** Exercise brief **
Please print every record below exactly as it appears, but leave out the pictures.

** Input material **
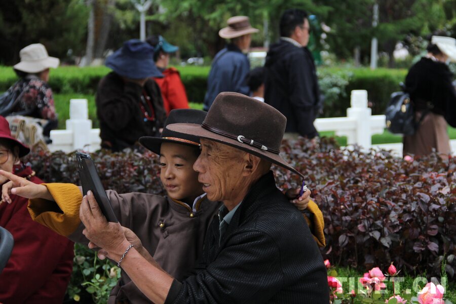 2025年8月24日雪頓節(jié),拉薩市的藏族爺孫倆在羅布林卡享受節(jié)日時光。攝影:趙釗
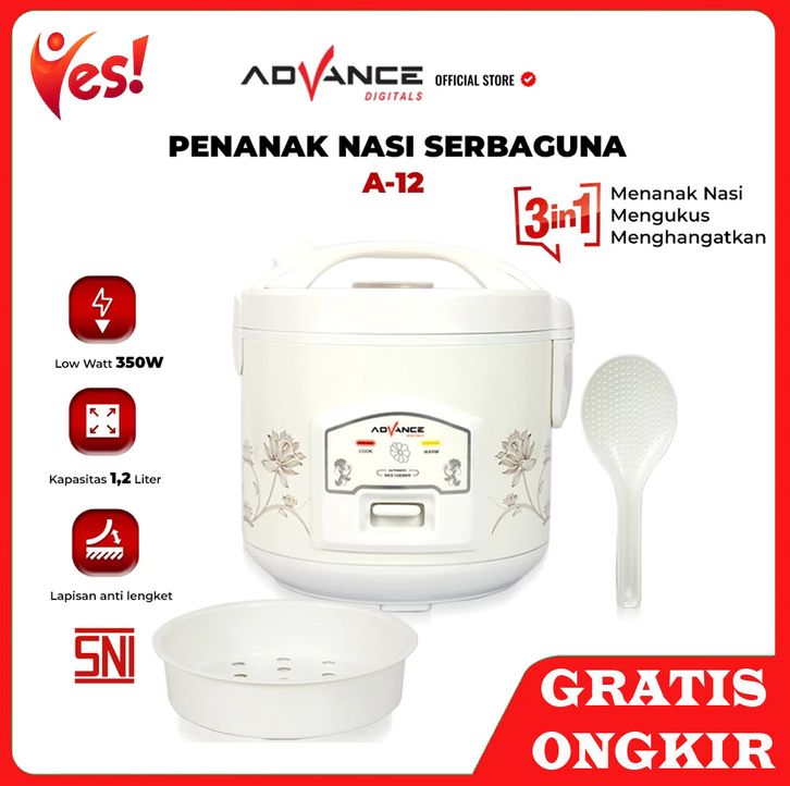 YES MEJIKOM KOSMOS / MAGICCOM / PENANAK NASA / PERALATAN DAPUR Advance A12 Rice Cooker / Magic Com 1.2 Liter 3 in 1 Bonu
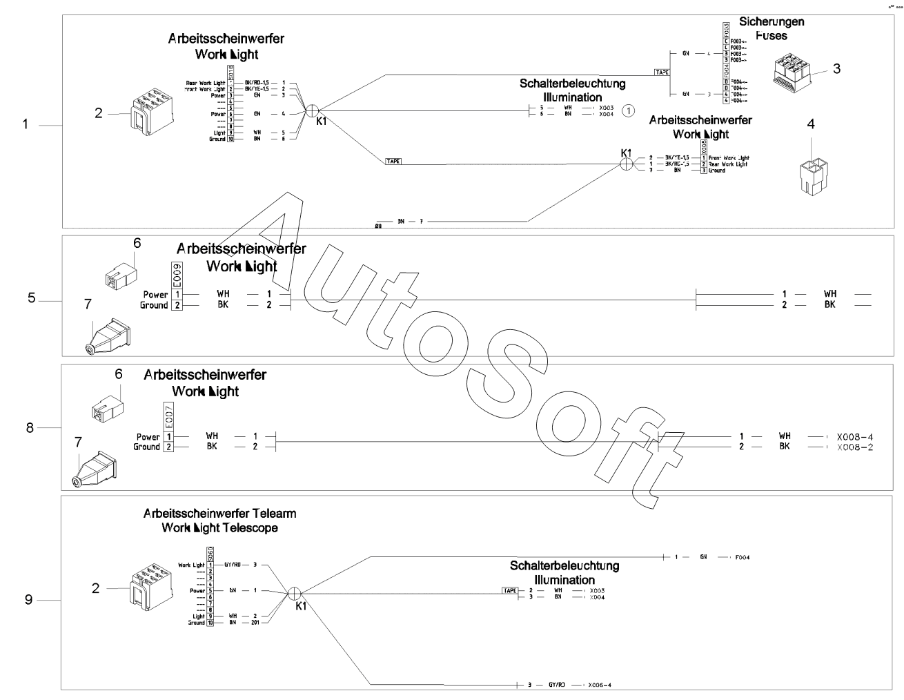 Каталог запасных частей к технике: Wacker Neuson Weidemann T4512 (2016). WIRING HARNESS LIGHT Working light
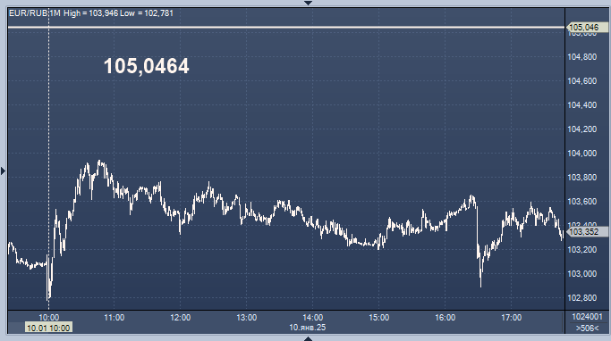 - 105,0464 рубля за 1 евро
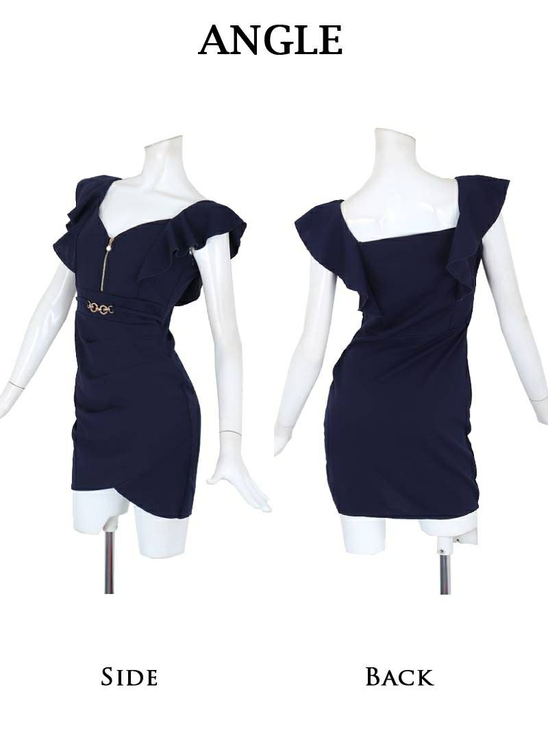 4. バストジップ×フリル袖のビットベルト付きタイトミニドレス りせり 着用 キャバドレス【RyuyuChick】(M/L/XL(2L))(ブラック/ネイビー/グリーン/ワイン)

** Worked solution **
 2025年8月24日雪頓節(jié),拉薩市的藏族爺孫倆在羅布林卡享受節(jié)日時光。攝影:趙釗
 YES MEJIKOM KOSMOS / MAGICCOM / PENANAK NASA / PERALATAN DAPUR Advance A12 Rice Cooker / Magic Com 1.2 Liter 3 in 1 Bonu
 Каталог запасных частей к технике: Wacker Neuson Weidemann T4512 (2016). WIRING HARNESS LIGHT Working light
 - 105,0464 рубля за 1 евро
 4. バストジップ×フリル袖のビットベルト付きタイトミニドレス りせり 着用 キャバドレス【RyuyuChick】(M/L/XL(2L))(ブラック/ネイビー/グリーン/ワイン)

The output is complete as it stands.